"Es kann zur Erhellung eines allgemeinen Poesiebegriffs beitragen, wenn man zunächst zwischen natürlicher und künstlicher Poesie unterscheidet. In beiden Fällen arbeitet man mit Worten, ihren Derivationen, die als Deformationen in Bezug auf einen zugrundegelegten Wortraum gedeutet werden können und ihren Folgen, die linear oder flächig angeordnet sind. Für unsere Gesichtspunkte bleibt jedoch die Differenz in der Art der Entstehung das Wesentliche.

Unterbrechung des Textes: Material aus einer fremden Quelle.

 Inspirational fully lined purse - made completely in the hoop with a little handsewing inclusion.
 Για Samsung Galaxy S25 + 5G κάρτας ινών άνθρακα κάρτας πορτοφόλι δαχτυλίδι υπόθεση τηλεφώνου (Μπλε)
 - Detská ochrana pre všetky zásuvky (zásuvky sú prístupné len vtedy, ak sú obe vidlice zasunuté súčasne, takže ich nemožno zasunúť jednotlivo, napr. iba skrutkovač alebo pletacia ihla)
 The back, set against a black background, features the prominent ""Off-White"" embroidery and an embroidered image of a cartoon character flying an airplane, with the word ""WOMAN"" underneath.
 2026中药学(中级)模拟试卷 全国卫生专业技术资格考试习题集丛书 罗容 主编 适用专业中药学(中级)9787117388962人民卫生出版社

Unter der natürlichen Poesie wird hier die Art von Poesie verstanden, die [...] ein personales poetisches Bewußtsein [...] zur Voraussetzung hat ein Bewußtsein, das Erlebnisse, Erfahrungen, Gefühle, Erinnerungen, Gedanken, Vorstellungen einer Einbildungskraft etc., kurz eine präexistente Welt besitzt und ihr sprachlichen Ausdruck zu verleihen vermag. [...] Das poetische Bewußtsein in diesem Sinne ist ein prinzipiell transponierendes, nämlich Seiendes in Zeichen, und den Inbegriff dieser Zeichen nennen wir Sprache, sofern sie metalinguistisch eine Ichrelation und einen Weltaspekt besitzt. In dieser natürlichen Poesie hört also das Schreiben nicht auf, eine ontologische Fortsetzung zu sein. [...]

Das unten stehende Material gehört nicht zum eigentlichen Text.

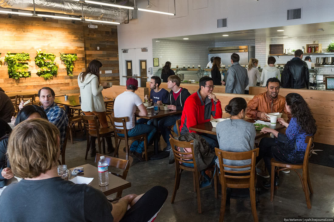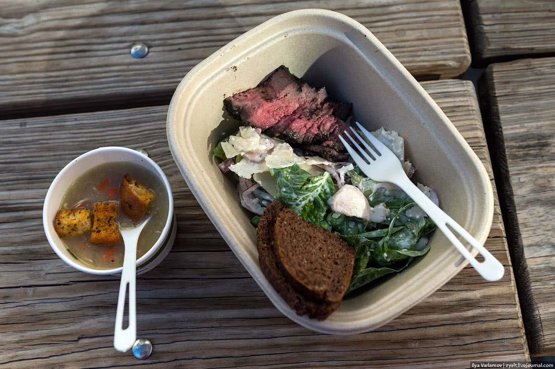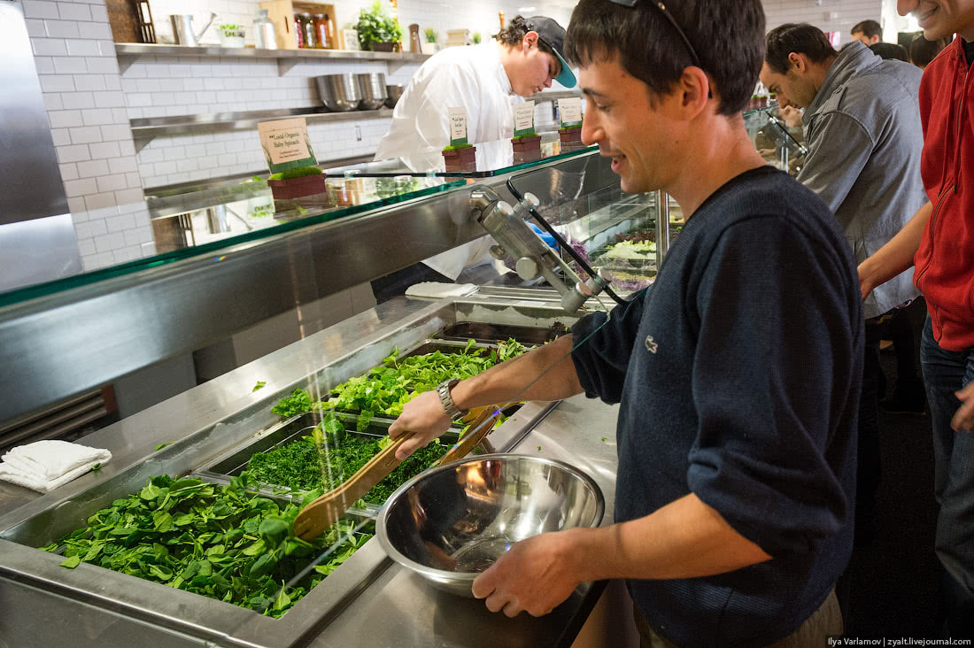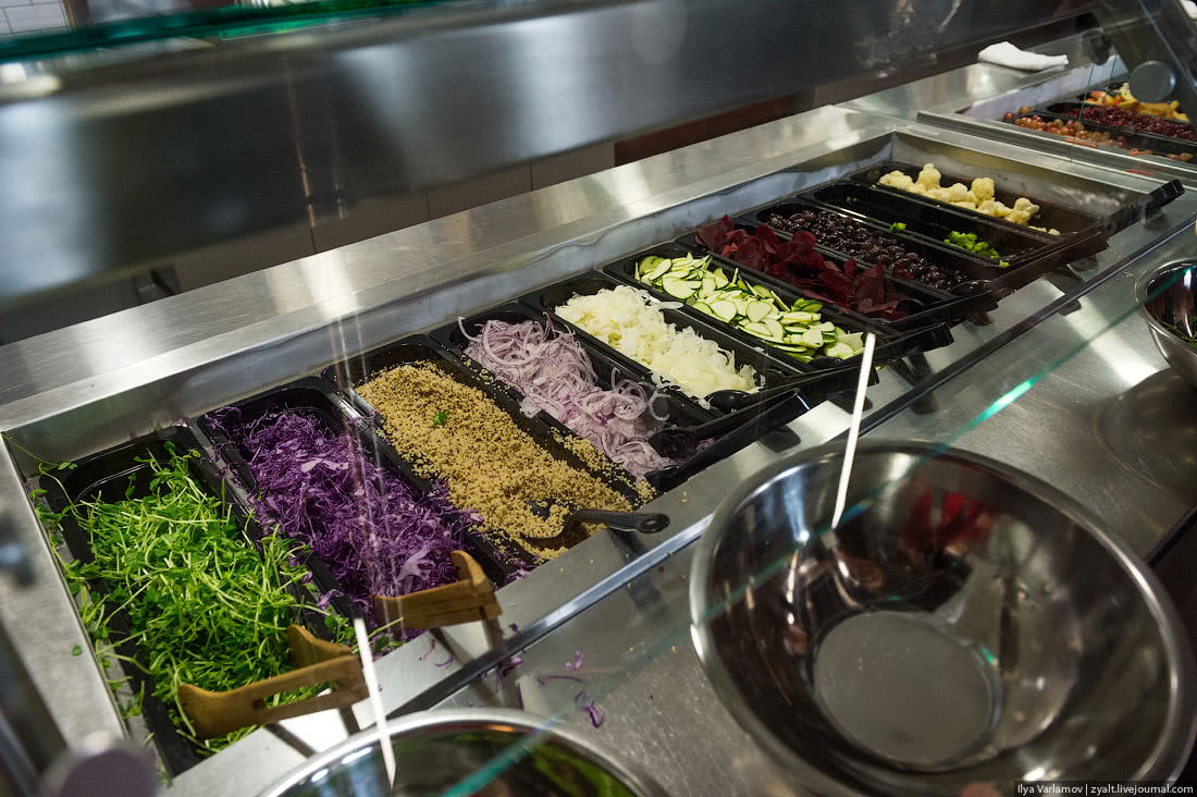 Пора перекусить. Как я уже сказал, еда здесь на любой вкус. Есть и мексиканский ресторан, и бургеры, а есть салат-бар. Здоровое питание нынче в моде. Набираешь кучу листьев в миску…

Unter der künstlichen Poesie hingegen wird hier eine Art von Poesie verstanden, in der es, sofern sie z.B. maschinell hervorgebracht werde, kein personales poetisches Bewußtsein [...], also keine präexistente Welt gibt, und in der das Schreiben keine ontologische Fortsetzung mehr ist, durch die der Weltaspekt der Worte auf ein Ich bezogen werden könnte. Während also für die natürliche Poesie ein intentionaler Anfang des Wortprozesses charakteristisch ist, kann es für die künstliche Poesie nur einen materialen Ursprung geben".

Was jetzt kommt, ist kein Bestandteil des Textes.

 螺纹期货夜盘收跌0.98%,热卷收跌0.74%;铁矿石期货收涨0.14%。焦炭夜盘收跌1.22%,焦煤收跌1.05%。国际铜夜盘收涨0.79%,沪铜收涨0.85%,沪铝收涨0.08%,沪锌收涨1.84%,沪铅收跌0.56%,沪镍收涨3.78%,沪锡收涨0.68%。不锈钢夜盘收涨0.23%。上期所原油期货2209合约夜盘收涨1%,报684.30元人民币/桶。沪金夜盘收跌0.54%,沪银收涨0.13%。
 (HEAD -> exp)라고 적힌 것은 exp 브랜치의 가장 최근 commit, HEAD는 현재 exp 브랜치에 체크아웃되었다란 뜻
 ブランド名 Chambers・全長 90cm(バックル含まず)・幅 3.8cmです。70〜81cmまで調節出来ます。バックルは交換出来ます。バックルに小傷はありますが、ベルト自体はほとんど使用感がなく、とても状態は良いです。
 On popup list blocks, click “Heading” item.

Max Bense: Über natürliche und künstliche Poesie. In: Theorie der Texte. Köln: Kiepenheuer & Witsch 1962, S. 143 ff. - An weiteren Unterschieden seien noch genannt die Interpretierbarkeit der "natürlichen" und die Nichtinterpretierbarkeit der "künstlichen Poesie", der "Modus der Willkürlichkeit" für die "natürliche" und der "Modus der Unwillkürlichkeit" für die "künstliche Poesie".